Test

Verification Stage

The performance testing API is currently unstable. We need to collect more feedback. This particular API underwent breaking changes in version 0.3.1b1.

torchpipe.utils.test is a performance testing and concurrent inference tool which integrated multi-client/multi-threaded. In general, we recommend using the more powerful tool called Locust for performance testing. However, if you only require a simple script to conveniently test local and remote function calls, generate test reports, or perform concurrent function invocations and result processing, this tool can be used.

locust	torchpipe.utils.test
Event-driven, supports higher concurrency, distributed	Based on local threads, limited concurrency, does not support distributed
Has a web interface	None
Supports extensions	Supports extensions
`locust -f target.py`	Python functions

Test

torchpipe.utils.test.test_from_raw_file

def test_from_raw_file(forward_function: 
                        Callable[[List[tuple[str, bytes]]]] | 
                        List[Callable[[List[tuple[str, bytes]]]]], 
                file_dir: str, 
                num_clients=10, 
                batch_size=1, 
                total_number=10000,
                num_preload=1000,
                recursive=True, 
                ext=[".jpg", '.JPG', '.jpeg', '.JPEG'])

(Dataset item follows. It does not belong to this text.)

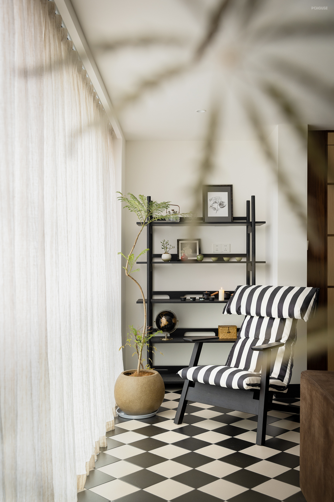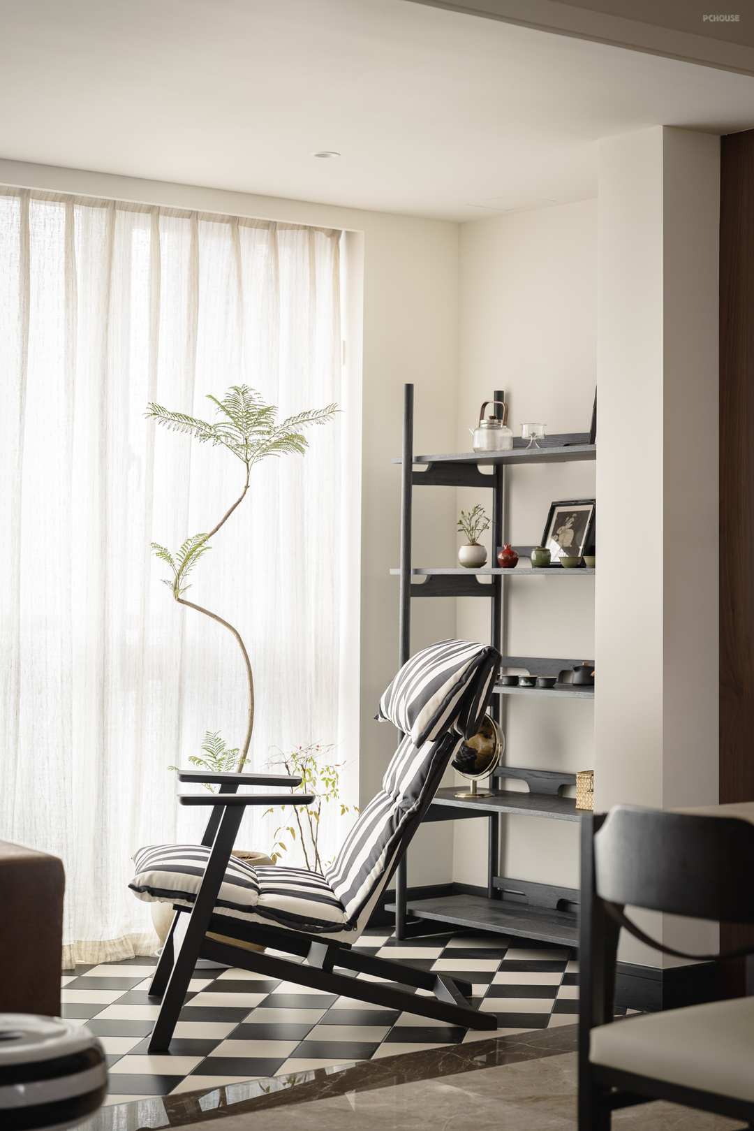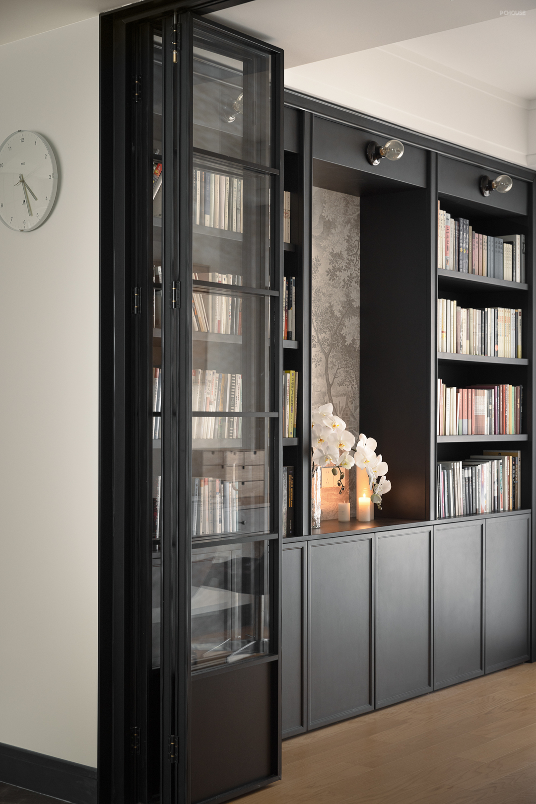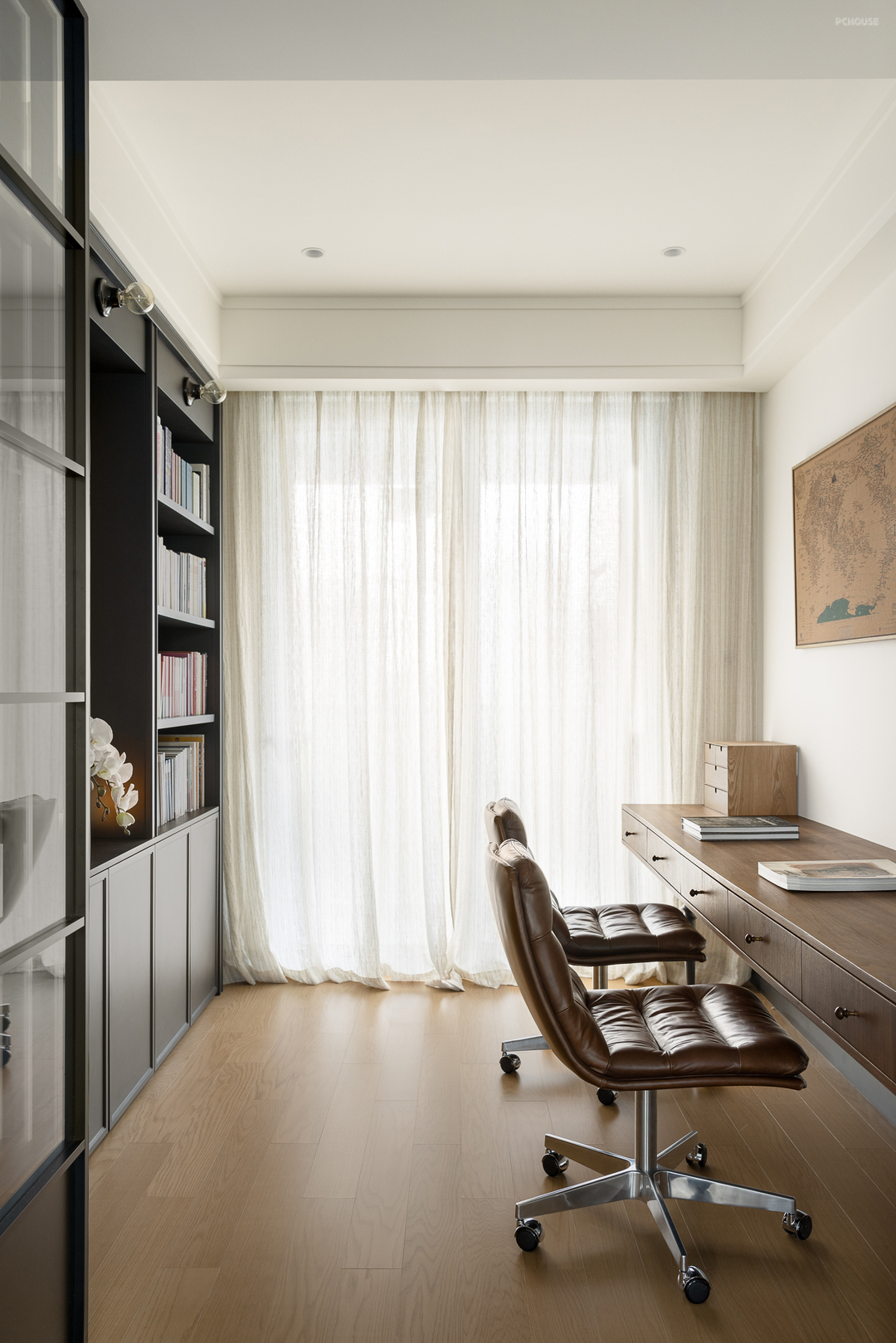 海量的书籍则是书房最重要的组成。书房可敞开也可封闭,是一个丰富且自在的空间。在160平方米的家中,男主人大多待在书房,女主人常在餐厅一角悠闲煮茶。

Read the files with a specific file extension from the given file path and pass them to the user's specified forward_function.

Parameters

forward_function - Forward function, with a function parameter List[Tuple[str, bytes]], representing batchsize [(id, file data)]. The testing program will repeatedly execute this function and record latency-related data. It can also be multiple functions of this type (List[Callable]), in which case the length should be equal to num_clients.
file_dir - File path
num_clients - Number of clients/Concurrent channels
batch_size Batch size of data for each request, representing the amount of test data consumed by executing the forward_function once.
total_number Total amount of data. Only valid when num_preload > 0.
num_preload The number of preloaded files. When num_preload<=0, all files will be traversed; when num_preload>0, this amount of data will be preloaded, and other data will be discarded. When 0<num_preload<total_number, the data will be fed into the pipeline repeatedly.
recursive Whether to recursively read files under the directory
ext - File extension

Example

from typing import List,Tuple
import torchpipe as tp
from torchpipe.utils.test import test_from_raw_file

model = tp.pipe({"backend":"DecodeMat","instance_num":10})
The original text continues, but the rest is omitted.